All of this took on a new level of relevance last week after analysts pronounced similar concerns about the transparency of AirAsia’s accounts, with at least one warning that its true profits have largely disappeared—and adding concerns about its true cash flow and debt burden. The airline’s shares tanked in response, losing 30% of their value compared to earlier in the month before recovering somewhat following reassurances from the company.
The questions about AirAsia’s financial transparency aren’t helped by the company’s unusual refusal to allow journalists to listen to its quarterly investor conference call—among the world’s large publicly traded airlines, that’s almost unheard of. (The company did not respond to an Airline Weekly request last week for a response to the allegations.)
Last quarter, AirAsia boasted a 21% operating margin which, if taken at face value, would have been the fifth highest figure of any reporting airline in the world. But a full 17% of its revenue came from leasing airplanes to its own partly owned subsidiaries, whose own results are not fully accounted for in AirAsia’s income statement. But as it happens, subsidiaries in Indonesia, the Philippines and India all posted operating margins of roughly negative 30% in Q1, meaning the AirAsia group as a whole is not doing nearly as well as that 21% margin suggests.
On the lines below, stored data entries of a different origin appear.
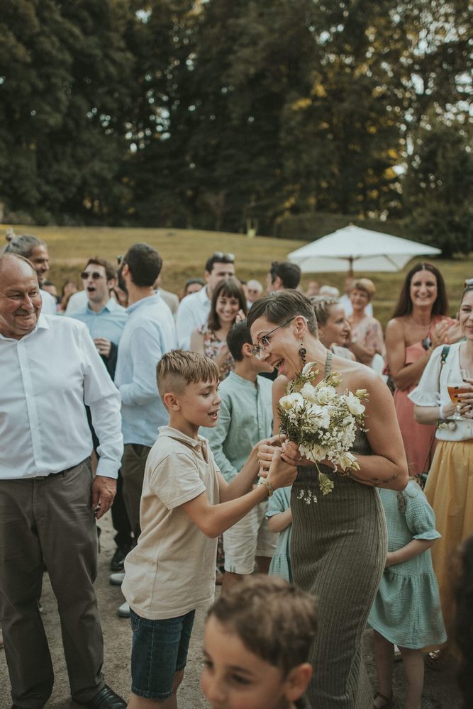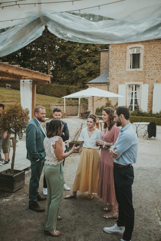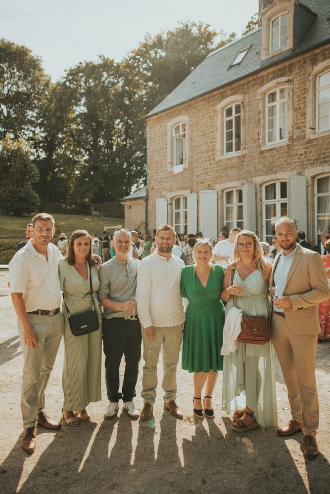 Une fois la cérémonie terminée, tout le monde se dirige tranquillement vers la terrasse du Château du Denacre. Le soleil est au rendez-vous (et franchement, on ne va pas s’en plaindre !), les rires fusent, les discussions vont bon train. L’ambiance est détendue, joyeuse, pleine de chaleur.
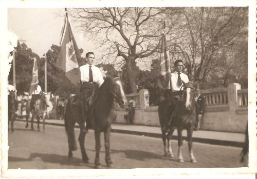 Em foto do dia 7 de setembro de 1956 os alunos do Colégio Cristo Rei desfilando na data cívica com os porta-bandeiras a cavalo. Aliás, desde os primeiros tempos o Cristo Rei, em razão de seu sistema militarizado adotava a prática de desfile com alunos montados em cavalo. Descem eles a rua Paraná, logo após passarem pela avenida Manoel Ribas.
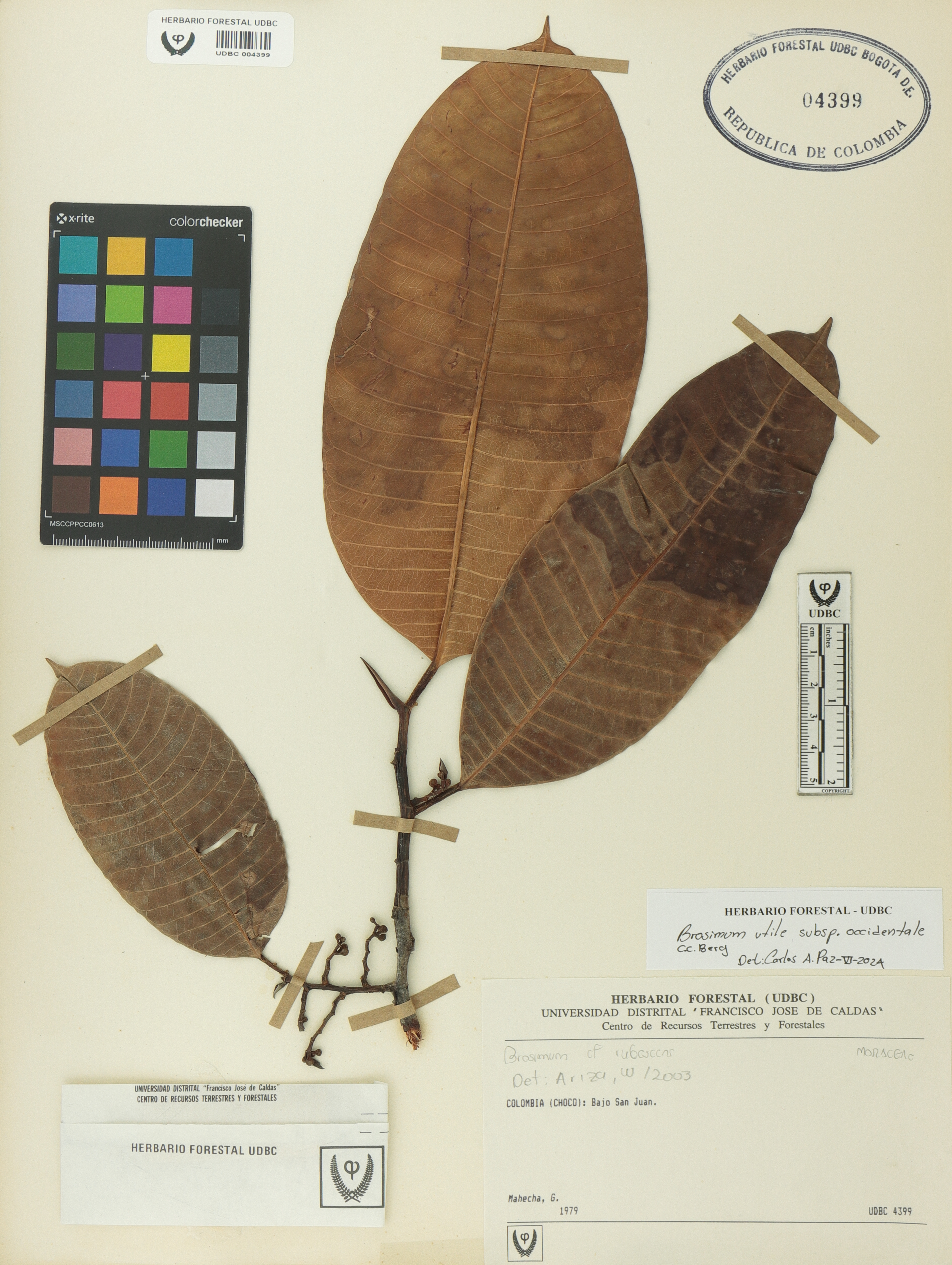 Fotografía del ejemplar Mahecha, G., determinado como Brosimum utile subsp. occidentale en el año 2024
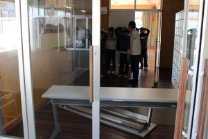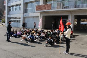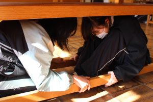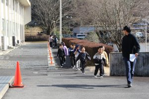 第5回目の命を守る訓練を行いました。今回は特別教室で学習しているときに地震が発生したという設定で行いました。火災ではないので、状況を判断し、安全を確保しながら避難することを重点にしました。避難経路には地震によって通行できなくなった箇所を作りました。子どもたちは担任と安全を確認しながら避難しました。普段の生活でも危機回避能力、危険察知能力を鍛えていくように指導をしていきます。

The company, defending itself last week in a lengthy statement filed with Malaysia’s stock exchange, said it’s “one of the most transparent airlines in the world” in the sense that it makes its aircraft lease income very clear in its financial statements. This is true. It also rightly claims accounting rules don’t allow it to consolidate subsidiary income into the accounts of its core Malaysian unit, the result of foreign ownership laws that prevent it from holding majority stakes in airlines based overseas—it would love to see these laws overturned and operate AirAsia as a single entity, it has been saying for many years…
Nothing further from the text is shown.